Neo4j is available in a GPL3-licensed open-source “community edition”, with online backup and high availability extensions licensed under the terms of the Affero General Public License. Neo4j is implemented in Java and accessible from software written in other languages such as Python or R.
Before beeing able to work with the Neo4J database, the correct work environment has to be setup. You can find the setup instructions for Neo4J in the appendix of this document. Those instructions have to be followed in order to reproduce the following results.
This paper is beeing written and executed in a R environment. In order to set up that environment, the following R code has to be executed. This loads all the necessary packages and functions for the following steps.
## Options
options(scipen = 10) # Disable scientific notation
update_package <- FALSE # Use old status of packages
## Init files (always execute, eta: 10s)
source("scripts/01_init.R") # Helper functions to load packages
source("scripts/02_packages.R") # Load all necessary packages
source("scripts/03_functions.R") # Load project specific functions
The first steps after having installed a default Neo4J environment is to change the default passwort. We’re changing it to neo4jneo4j.

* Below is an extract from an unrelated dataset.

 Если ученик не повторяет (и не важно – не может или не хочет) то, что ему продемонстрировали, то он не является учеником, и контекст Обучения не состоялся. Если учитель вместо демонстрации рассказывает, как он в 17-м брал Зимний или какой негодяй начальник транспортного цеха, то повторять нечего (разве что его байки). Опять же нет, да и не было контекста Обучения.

curl -H "Content-Type: application/json" -XPOST -d '{"password":"neo4jneo4j"}' -u \
neo4j:neo4j http://34.251.36.174:7474/user/neo4j/password
## % Total % Received % Xferd Average Speed Time Time Time Current
## Dload Upload Total Spent Left Speed
##
0 0 0 0 0 0 0 0 --:--:-- --:--:-- --:--:-- 0
100 25 0 0 100 25 0 9349 --:--:-- --:--:-- --:--:-- 12500
The first problem is concerned with putting the following movie content (i.e., cypher statement) into the Neo4J database using curl.
CREATE (matrix1:Movie { title : 'The Matrix', year : '1999-03-31' }) return id(matrix1)

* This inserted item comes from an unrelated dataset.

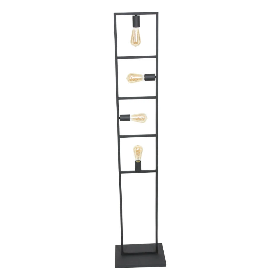 Vloerlamp uit de Mexlite Racky serie. Door het mat zwarte (sanded black) metalen open frame, krijgt de Racky een industrieel uiterlijk. De lamp is voorzien van 4 maal een E27 (grote) fitting met maximaal 40 watt per lichtbron. Een mooie lichtbron om te gebruiken zijn de deco filamenten. Hier van is de gloeidraad zichtbaar en geeft het een authentiek effect. De lichtbron word niet meegeleverd.
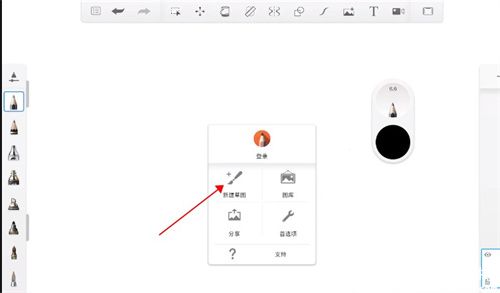 2、点击屏幕就可以新建草图,从图库中导入图片等;

CREATE (matrix2:Movie { title : 'The Matrix Reloaded', year : '2003-05-07' }) return id(matrix2)
CREATE (matrix3:Movie { title : 'The Matrix Revolutions', year : '2003-10-27' }) return id(matrix3)
CREATE (keanu:Actor { name:'Keanu Reeves' }) return id(keanu)
CREATE (laurence:Actor { name:'Laurence Fishburne' })
CREATE (carrieanne:Actor { name:'Carrie-Anne Moss' })
CREATE (keanu)-[:ACTS_IN { role : 'Neo' }]->(matrix1)
CREATE (keanu)-[:ACTS_IN { role : 'Neo' }]->(matrix2)
CREATE (keanu)-[:ACTS_IN { role : 'Neo' }]->(matrix3)
CREATE (laurence)-[:ACTS_IN { role : 'Morpheus' }]->(matrix1)
CREATE (laurence)-[:ACTS_IN { role : 'Morpheus' }]->(matrix2)
CREATE (laurence)-[:ACTS_IN { role : 'Morpheus' }]->(matrix3)
CREATE (carrieanne)-[:ACTS_IN { role : 'Trinity' }]->(matrix1)
CREATE (carrieanne)-[:ACTS_IN { role : 'Trinity' }]->(matrix2)
CREATE (carrieanne)-[:ACTS_IN { role : 'Trinity' }]->(matrix3)
In order to import the above data into the neo4j database using curl, the data can be formated into a JSON document. This allows us to input all the data in one curl statement. The necessary JSON file can be found in the data/cypher_node1.json document and is also shown below:
{
"statements": [
{
"statement": "CREATE (matrix1:Movie { title : 'The Matrix',
year : '1999-03-31' }), (matrix2:Movie { title :
'The Matrix Reloaded', year : '2003-05-07' }),
(matrix3:Movie { title : 'The Matrix Revolutions',
year : '2003-10-27' }), (keanu:Actor {
name:'Keanu Reeves' }), (laurence:Actor { name:
'Laurence Fishburne' }), (carrieanne:Actor { name:
'Carrie-Anne Moss' }), (keanu)-[:ACTS_IN { role :
'Neo' }]->(matrix1), (keanu)-[:ACTS_IN { role : 'Neo'
}]->(matrix2), (keanu)-[:ACTS_IN { role : 'Neo' }]->
(matrix3), (laurence)-[:ACTS_IN { role : 'Morpheus'
}]->(matrix1), (laurence)-[:ACTS_IN { role : 'Morpheus'
}]->(matrix2), (laurence)-[:ACTS_IN { role : 'Morpheus'
}]->(matrix3), (carrieanne)-[:ACTS_IN { role : 'Trinity'
}]->(matrix1), (carrieanne)-[:ACTS_IN { role : 'Trinity'
}]->(matrix2), (carrieanne)-[:ACTS_IN { role : 'Trinity'
}]->(matrix3)"
}
]
}
Once the cypher statements are in the cypher_node1.json file, the following curl command can be executed:
curl -i -H accept:application/json -H content-type:application/json -XPOST \
http://neo4j:neo4jneo4j@34.251.36.174:7474/db/data/transaction/commit --data \
@data/cypher_node1.json
Having executed the above curl we can visualize the graph database in the neo4j browser with the following command:
MATCH (n1)-[r]->(n2) RETURN r, n1, n2
This leads to the following image:
The above output shows, that the 3 actors and movies have been created with the appropriate “Acted_In” relationships.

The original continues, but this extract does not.